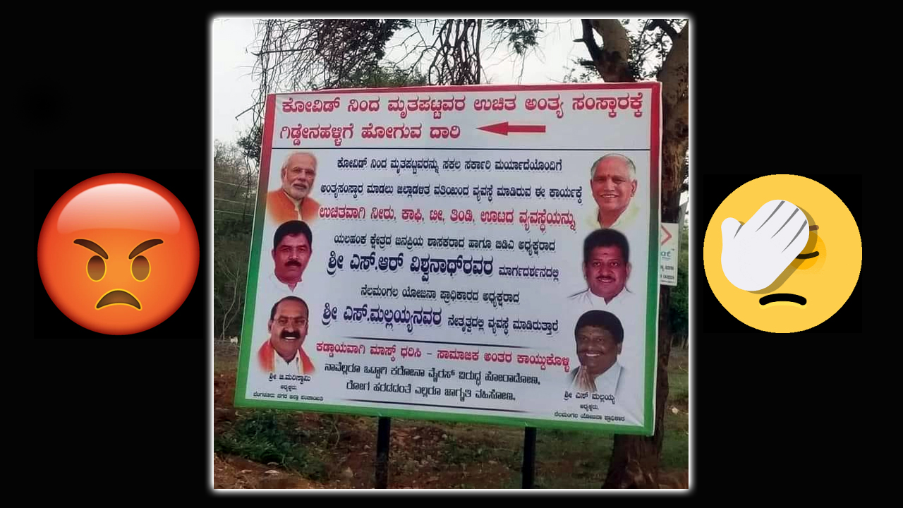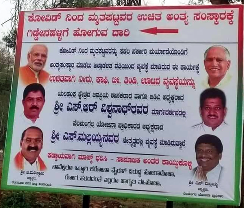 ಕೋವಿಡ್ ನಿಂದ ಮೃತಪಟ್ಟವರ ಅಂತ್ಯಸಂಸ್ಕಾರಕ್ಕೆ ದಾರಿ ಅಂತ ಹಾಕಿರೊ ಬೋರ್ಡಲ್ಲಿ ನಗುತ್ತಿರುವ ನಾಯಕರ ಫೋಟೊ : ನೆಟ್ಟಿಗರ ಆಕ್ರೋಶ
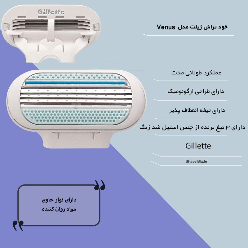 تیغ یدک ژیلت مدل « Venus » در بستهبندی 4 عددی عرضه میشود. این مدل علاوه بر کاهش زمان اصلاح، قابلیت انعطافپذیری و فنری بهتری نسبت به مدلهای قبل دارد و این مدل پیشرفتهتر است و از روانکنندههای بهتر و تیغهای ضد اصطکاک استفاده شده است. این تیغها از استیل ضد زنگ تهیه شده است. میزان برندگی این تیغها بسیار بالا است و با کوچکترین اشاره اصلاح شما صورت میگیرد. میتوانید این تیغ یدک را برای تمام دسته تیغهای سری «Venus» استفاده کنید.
-*-*-
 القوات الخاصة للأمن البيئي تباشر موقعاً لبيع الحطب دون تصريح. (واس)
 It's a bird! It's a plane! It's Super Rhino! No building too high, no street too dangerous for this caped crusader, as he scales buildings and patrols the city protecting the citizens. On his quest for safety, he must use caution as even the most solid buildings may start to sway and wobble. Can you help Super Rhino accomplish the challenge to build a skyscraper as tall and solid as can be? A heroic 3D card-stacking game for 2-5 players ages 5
-*-*-
» What the task asks
Your answer must be the lines above from the one containing "القوات الخاصة للأمن" to the one containing "It's a bird!", both included, restated word for word.

» Answer to this problem
 القوات الخاصة للأمن البيئي تباشر موقعاً لبيع الحطب دون تصريح. (واس)
 It's a bird! It's a plane! It's Super Rhino! No building too high, no street too dangerous for this caped crusader, as he scales buildings and patrols the city protecting the citizens. On his quest for safety, he must use caution as even the most solid buildings may start to sway and wobble. Can you help Super Rhino accomplish the challenge to build a skyscraper as tall and solid as can be? A heroic 3D card-stacking game for 2-5 players ages 5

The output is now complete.